We got one response immediately, from a level 70 Dwarf Hunter. Only after inviting him to our group however, did we learn that he had no idea who those mobs were or what quests they were part of. Once we told him, he was off to go and get said quests. Of course, they’re part of chains which he had yet to start. “No problem,” said the Dwarf, “I’ll whip through them real quick”.
To his credit, he did indeed whip through them very quickly, updating us on his status the whole way. He was also more than eager to inform us that he was fully decked out in epic gear, so we got to hear how easy the quests were for him. Not only that, he informed us that he “accidentally” ganked a Horde player. “I didn’t mean to kill him, just wanted to scare him a little, but my Uber Sword of Leetness was too much for him, LOLZ!”.
His chatter was non-stop, mostly about how awesome he and his gear was. My friend whispered to me, “he sounds a little flakey”. Yeah, you think?
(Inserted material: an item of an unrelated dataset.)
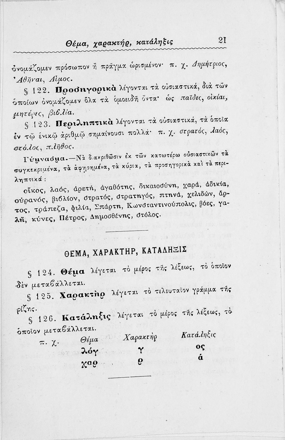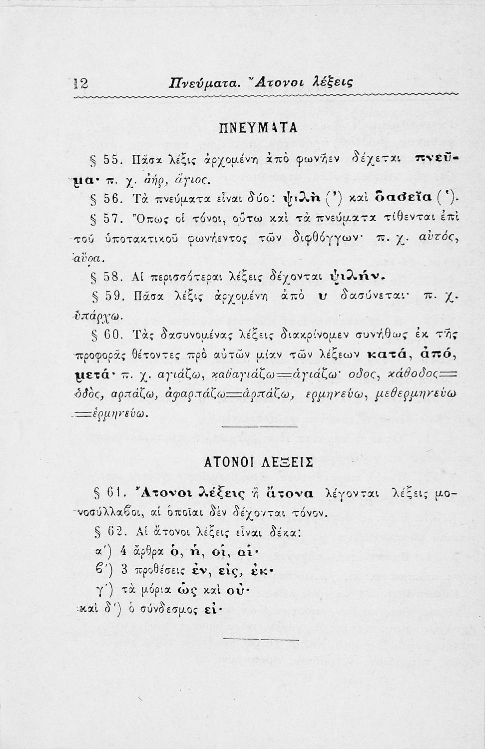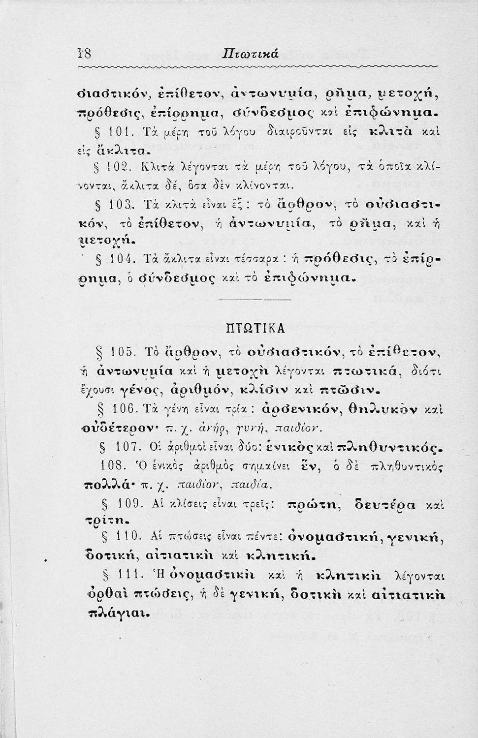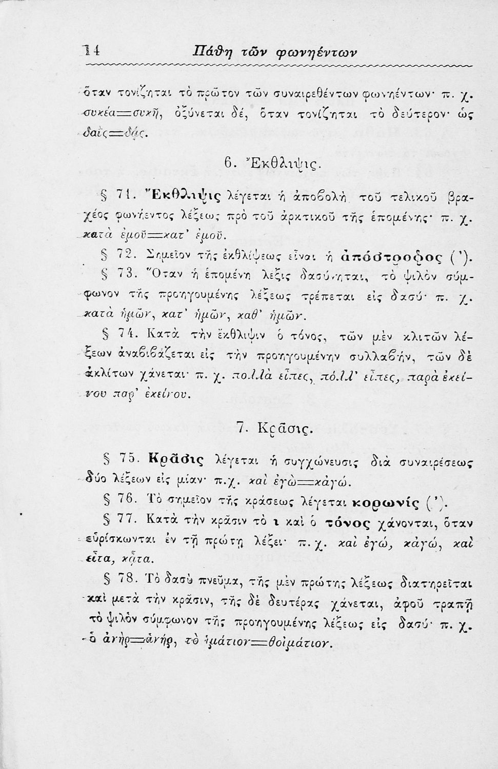 Σχολικό εγχειρίδιο Αρχαίων Ελληνικών Δημοτικού που περιλαμβάνει τους κανόνες γραμματικής και είναι χωρισμένο σε φθογγολογικό, τυπικό και ετυμολογικό μέρος.

If I had been thinking straight I would have taken a screen shot of the chat log, because, while quite annoying, I still found myself quite fascinated in what he was saying. Kind of like when you’re flipping through the TV channels and you stumble upon a movie that’s so bad, so terribly horrible, that you just can’t stop watching. Or am I the only one who does that? On that note, I highly recommend checking out Android Apocalypse starring Joey “I’m a serious actor now so call me Joseph” Lawrence. Woah!… it’s terrible.
Anyway… to make a long story short, Mr. Dwarfy McUber was actually a fairly formidable little bugger and we did manage to kill both the Master Planner and Durn the Hungerer. As long as the job gets done, I suppose…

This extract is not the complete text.